The annotate package
This package is made to either annotate genomes or read annotations from gbff or gff files.
It depends on the following subpackage:
formats, to write the pangenome to the HDF-5 file.
It depends on the following modules:
pangenome
genome
utils
Submodules
ppanggolin.annotate.annotate module
- ppanggolin.annotate.annotate.annotatePangenome(pangenome, fastaList, tmpdir, cpu, translation_table='11', kingdom='bacteria', norna=False, overlap=True)[source]
- ppanggolin.annotate.annotate.create_gene(org, contig, geneCounter, rnaCounter, ID, dbxref, start, stop, strand, gene_type, position=None, gene_name='', product='', genetic_code=11, protein_id='')[source]
- ppanggolin.annotate.annotate.detect_filetype(filename)[source]
detects whether the current file is gff3, gbk/gbff or unknown. If unknown, it will raise an error
- ppanggolin.annotate.annotate.readAnnoFile(organism_name, filename, circular_contigs, getSeq, pseudo)[source]
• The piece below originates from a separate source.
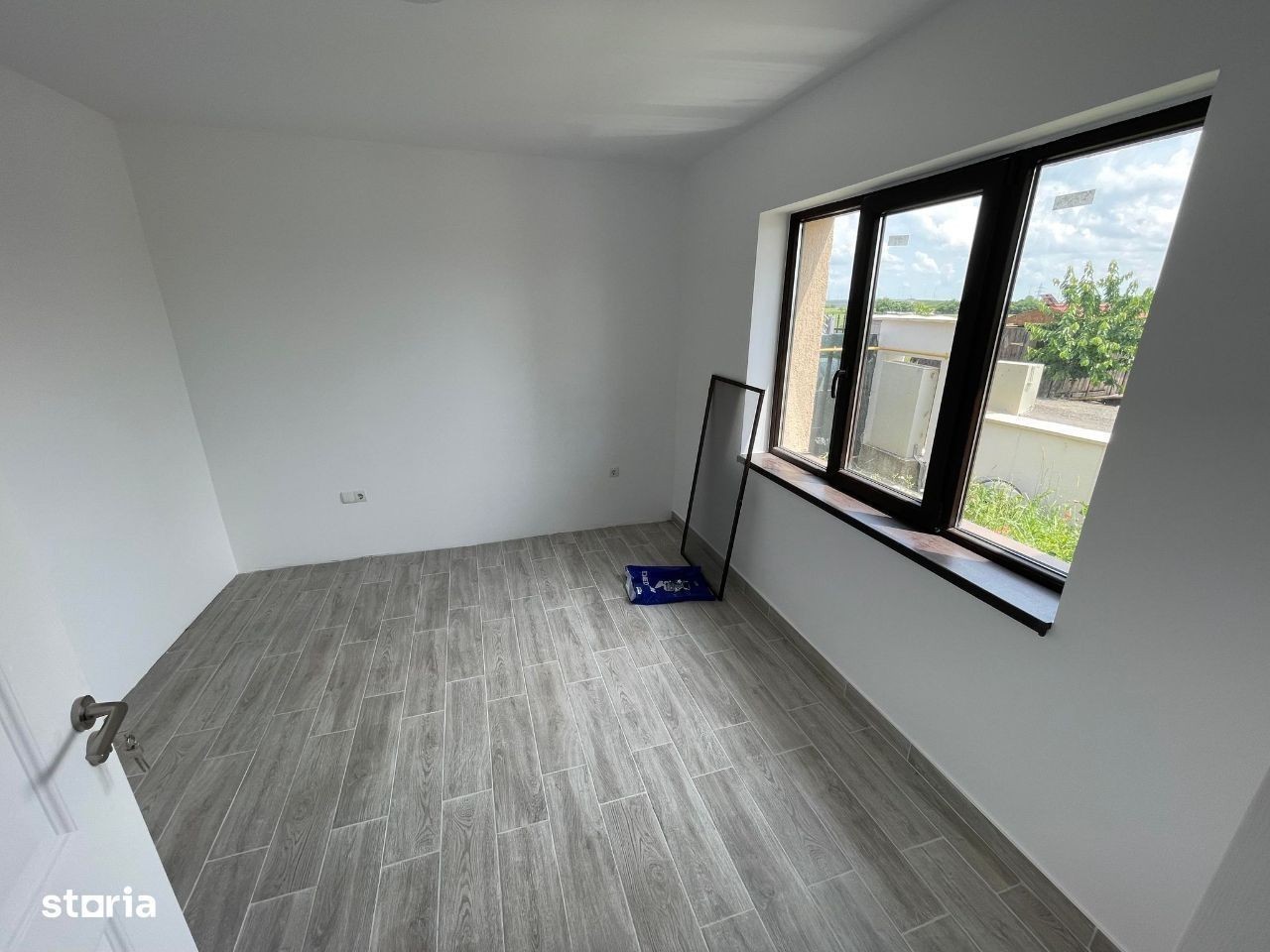 De vanzare casa noua cu suprafata utila de 100 mp situat in Cartierul Marcus impartita in 2 apartamente diferite: Ap1 : camera cu dormitor si living, bucatarie, baie cu vana, hol, terasa acoperita si teren 250 mp Ap2 : dormitor, bucatarie cu loc de luat masa, hol, baie cu dus, terasa acoperita si teren 250 mp. Casa este complet finisata cu geamuri termopane, incalzire in pardoseala cu microcentrala separat pentru fiecare apartament, aer conditionat in fiecare apartament, parchet laminat in camere, gresie-faianta in bucatarie, baie si hol, izolatie exterioara, teren complet ingradit. Utilitati: apa, gaz, curent si canalizare. Pret: 120.000 eur neg

- ppanggolin.annotate.annotate.readAnnotations(pangenome, organisms_file, cpu, getSeq=True, pseudo=False)[source]
- ppanggolin.annotate.annotate.read_org_gbff(organism, gbff_file_path, circular_contigs, getSeq, pseudo=False)[source]
reads a gbff file and fills Organism, Contig and Genes objects based on information contained in this file
ppanggolin.annotate.synta module
- ppanggolin.annotate.synta.annotate_organism(orgName, fileName, circular_contigs, code, kingdom, norna, tmpdir, overlap)[source]
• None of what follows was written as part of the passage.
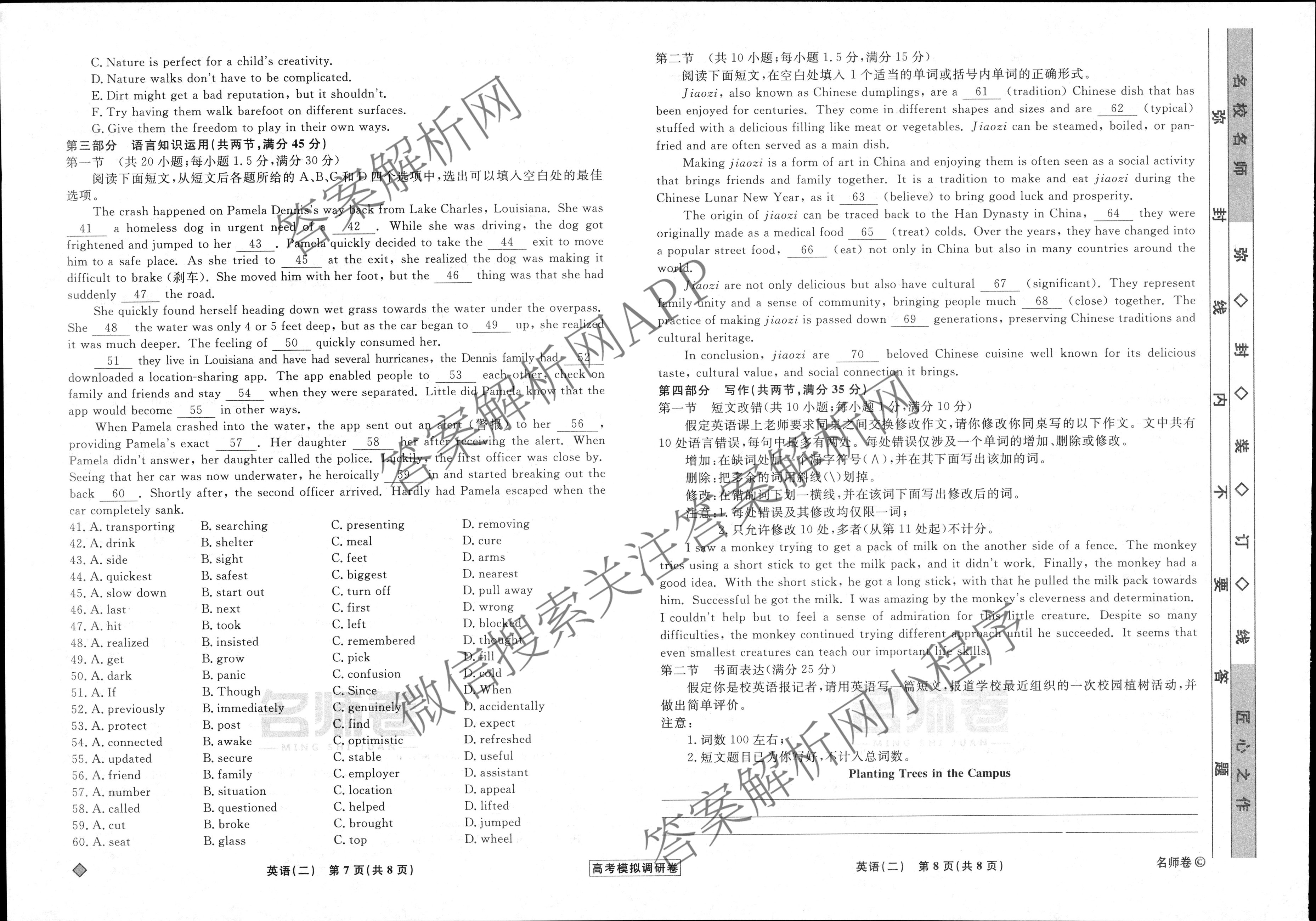 [衡水名师卷]·高考模拟调研卷 2024年普通高等学校招生全国统一考试模拟试题 英语(实心◇)(二)2试题

Function to annotate a single organism
- ppanggolin.annotate.synta.launch_aragorn(fnaFile, org)[source]
launches Aragorn to annotate tRNAs. Takes a fna file name and a locustag to give an ID to the found genes. returns the annotated genes in a list of gene objects.
- ppanggolin.annotate.synta.launch_infernal(fnaFile, org, kingdom, tmpdir)[source]
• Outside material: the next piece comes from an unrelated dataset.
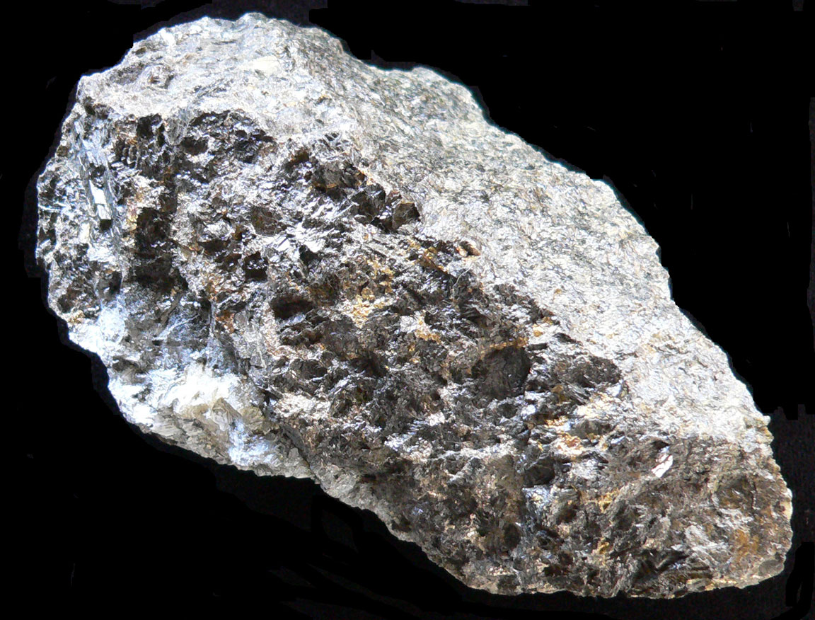 Stillwater Anorthosite; Norite (calcic plagioclase and orthopyroxene) containing sulphides Mineral # 710 Stillwater Mine, Sweet Grass and Park Counties, Montana 7 x 2.5 x 4 cm $ 45 Stillwater Anorthosite contains numerous sulfides containing PGE's (Platinum Ground Elements) |

launches Infernal in hmmer-only mode to annotate rRNAs. Takes a fna file name and a locustag to give an ID to the found genes. returns the annotated genes in a list of gene objects.
- ppanggolin.annotate.synta.launch_prodigal(fnaFile, org, code)[source]
launches Prodigal to annotate CDS. Takes a fna file name and a locustag to give an ID to the found genes. returns the annotated genes in a list of gene objects.
- ppanggolin.annotate.synta.overlap_filter(allGenes, contigs, overlap)[source]
Removes the CDS that overlap with RNA genes.
- ppanggolin.annotate.synta.read_fasta(org, fnaFile)[source]
Reads a fna file (or stream, or string) and stores it in a dictionnary with contigs as key and sequence as value.
- ppanggolin.annotate.synta.reverse_complement(seq)[source]
reverse complement the given dna sequence
- ppanggolin.annotate.synta.syntaxic_annotation(org, fastaFile, norna, kingdom, code, tmpdir)[source]
Runs the different softwares for the syntaxic annotation.
Takes in the file-like object containing the uncompressed fasta sequences to annotate the number of cpus that we can use. whether to annotate rna or not the locustag to give gene IDs.
- ppanggolin.annotate.synta.write_tmp_fasta(contigs, tmpdir)[source]
Writes a temporary fna formated file, and returns the file-like object. This is for the cases where the given file is compressed, then we write a temporary file for the annotation tools to read from. The file will be deleted when close() is called.